• What you are asked to do: Retype exactly the span of lines below from the one with "楽天インサイトが別途収集した" through the one with "Com a Smart". Do not include pictures.

• Material provided:
--- START ---
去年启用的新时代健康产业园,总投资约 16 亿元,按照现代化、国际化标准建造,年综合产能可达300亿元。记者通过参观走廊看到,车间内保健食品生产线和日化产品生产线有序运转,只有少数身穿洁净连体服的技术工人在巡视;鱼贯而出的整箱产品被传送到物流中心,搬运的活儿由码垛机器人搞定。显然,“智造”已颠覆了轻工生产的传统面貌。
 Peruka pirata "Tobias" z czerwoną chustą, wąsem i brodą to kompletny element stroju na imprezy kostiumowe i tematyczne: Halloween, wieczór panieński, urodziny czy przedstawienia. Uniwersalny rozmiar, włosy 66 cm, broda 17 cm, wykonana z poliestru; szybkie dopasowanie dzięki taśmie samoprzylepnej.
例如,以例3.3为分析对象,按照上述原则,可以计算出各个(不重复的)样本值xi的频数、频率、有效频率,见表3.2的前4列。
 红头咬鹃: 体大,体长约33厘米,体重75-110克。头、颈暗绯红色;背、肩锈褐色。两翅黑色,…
--- END ---
--- START ---
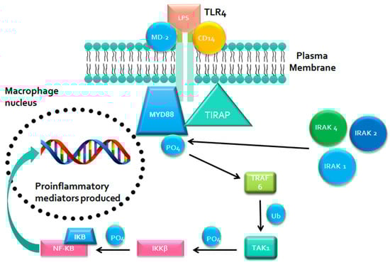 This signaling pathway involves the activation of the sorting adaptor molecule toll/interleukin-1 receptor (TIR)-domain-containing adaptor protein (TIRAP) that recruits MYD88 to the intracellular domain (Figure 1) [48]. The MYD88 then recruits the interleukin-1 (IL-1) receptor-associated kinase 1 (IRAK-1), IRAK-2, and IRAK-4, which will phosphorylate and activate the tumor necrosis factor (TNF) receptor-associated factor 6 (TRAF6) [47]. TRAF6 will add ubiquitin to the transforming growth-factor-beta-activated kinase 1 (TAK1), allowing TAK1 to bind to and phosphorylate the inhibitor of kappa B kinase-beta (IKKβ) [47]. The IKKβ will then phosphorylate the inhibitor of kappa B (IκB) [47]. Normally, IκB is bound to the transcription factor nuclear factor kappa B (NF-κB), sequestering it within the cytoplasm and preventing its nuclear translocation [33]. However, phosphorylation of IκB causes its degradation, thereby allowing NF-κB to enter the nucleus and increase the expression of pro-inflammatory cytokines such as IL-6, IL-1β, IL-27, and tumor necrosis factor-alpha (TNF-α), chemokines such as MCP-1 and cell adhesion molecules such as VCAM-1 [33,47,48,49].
--- END ---
--- START ---
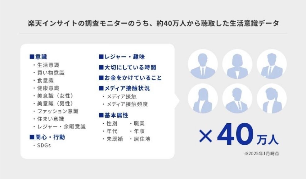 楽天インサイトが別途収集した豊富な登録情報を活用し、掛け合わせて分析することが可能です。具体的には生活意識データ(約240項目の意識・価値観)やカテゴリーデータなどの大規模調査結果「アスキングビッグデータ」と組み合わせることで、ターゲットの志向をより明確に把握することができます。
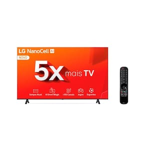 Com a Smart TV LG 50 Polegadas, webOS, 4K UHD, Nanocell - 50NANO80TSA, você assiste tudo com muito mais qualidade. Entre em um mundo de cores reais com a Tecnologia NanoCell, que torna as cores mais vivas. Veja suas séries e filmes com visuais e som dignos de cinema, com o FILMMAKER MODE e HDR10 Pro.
--- END ---
• Task response:
 楽天インサイトが別途収集した豊富な登録情報を活用し、掛け合わせて分析することが可能です。具体的には生活意識データ(約240項目の意識・価値観)やカテゴリーデータなどの大規模調査結果「アスキングビッグデータ」と組み合わせることで、ターゲットの志向をより明確に把握することができます。
 Com a Smart TV LG 50 Polegadas, webOS, 4K UHD, Nanocell - 50NANO80TSA, você assiste tudo com muito mais qualidade. Entre em um mundo de cores reais com a Tecnologia NanoCell, que torna as cores mais vivas. Veja suas séries e filmes com visuais e som dignos de cinema, com o FILMMAKER MODE e HDR10 Pro.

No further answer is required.